The superhydrophobic coating has excellent hydrophobicity, self-cleaning, anti-fouling, anti-frost and anti-freezing properties, and has potential applications in daily life, biomedical and industrial production. However, after the coating is subjected to external friction, impact or chemical corrosion, the surface roughness geometry is easily destroyed, and the low surface energy substance is also difficult to retain, so that it loses the superhydrophobic ability, thereby limiting the practical application, thereby improving the superhydrophobic coating. The mechanical durability and corrosion resistance are of great significance for the practical application of the coating. In this paper, the undercoating formulation and preparation process were studied by the topcoating-undercoating composite method to improve the wear resistance, chemical durability, adhesion and hardness of the superhydrophobic coating.

The two kinds of blended resins were doped with hydrophobic gas phase SiO₂ NPs and isomeric hexadecane (isoper-M) to prepare a high wear-resistant undercoating. The topcoating-undercoating composite high wear-resistant superhydrophobic coating was prepared by two-step spraying. The effects of undercoating resin formulation and additive type and content on the wear resistance of the coating were studied. The results showed that when 10% SiO₂ NPs or 50% isoper-M was added to the two-component polyurethane/FEVE fluorocarbon resin (PU/FEVE) blend resin system, contact angle of the the coating can still arrive140° and the rolling angle is less then 40°， after more than 600 cycles friction under the action of 300g force at normal temperature, which showing excellent wear resistance.
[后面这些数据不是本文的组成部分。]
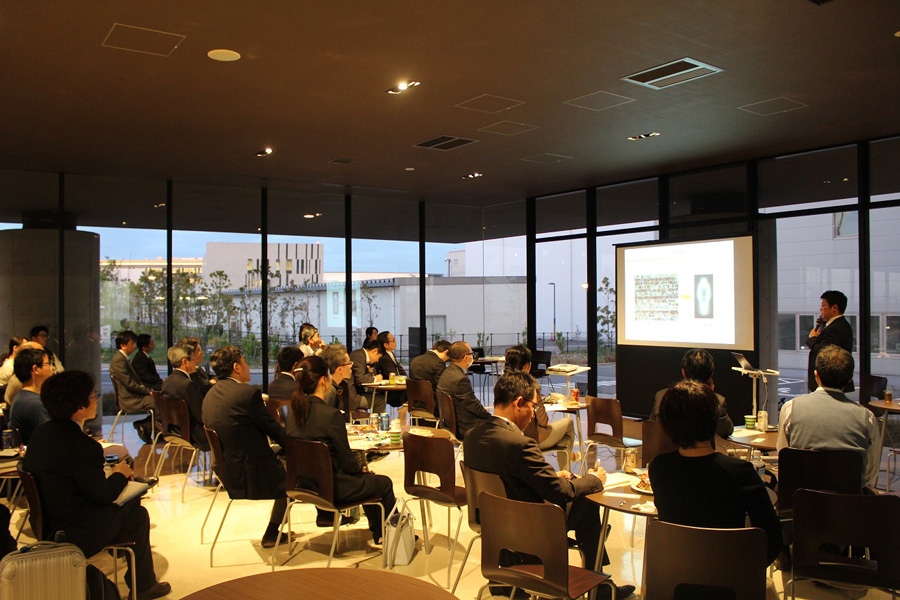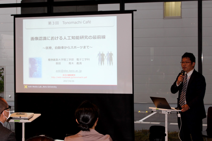 今回は、川崎生命科学・環境研究センター(LiSE)の交流ラウンジにて開催いたしました。人や動物を画像認識する仕組みから、動画のシーン認識、医学部との共同研究により開発した脊柱側弯症のAI診断、スポーツ映像を活用した行動認識など、多方面への応用についてご講演いただきました。面白い動画もご用意いただき、和やかに進行しつつも、鋭い質問が飛び交い、予定人数を上回る31名の参加者との活発な議論が行われました。

The spraying process of the coating was optimized to determine the reasonable half-cure time and the preheating temperature and time of the isomeric hexadecane. The results show that after spraying PU/FEVE/SiO₂ NPs system undercoating, it should be semi-cured for 90-120s; after spraying PU/FEVE/isomeric hexadecane system primer, it should be heated at 110-120 °C for 90-120s. The coating wear resistance is further improved.

Other related properties of two superhydrophobic coatings with good wear resistance were characterized. The results show that PU/FEVE/ SiO₂ NPs system has 1 grade adhesion; its hardness is 8H; it can withstand 2500ml water continuous impacting at 2m/s from 30cm height; it can soak in a solution of pH=7 for 17 days; it can soak in a solution of pH=1 for 9 days. PU/FEVE/isoper-M has 3-4 grade adhesion; its hardness is 3-4H; it can withstand 900ml water continuous impacting at 2m/s from 30cm height; it can soak in a solution of pH=7 for 20 days; it can soak in a solution of pH=1 for 12 days; it can soak in a solution of pH=13 for 9 days. It shows that the two coatings have excellent wear resistance, good adhesion, hardness and chemical durability in the actual working environment.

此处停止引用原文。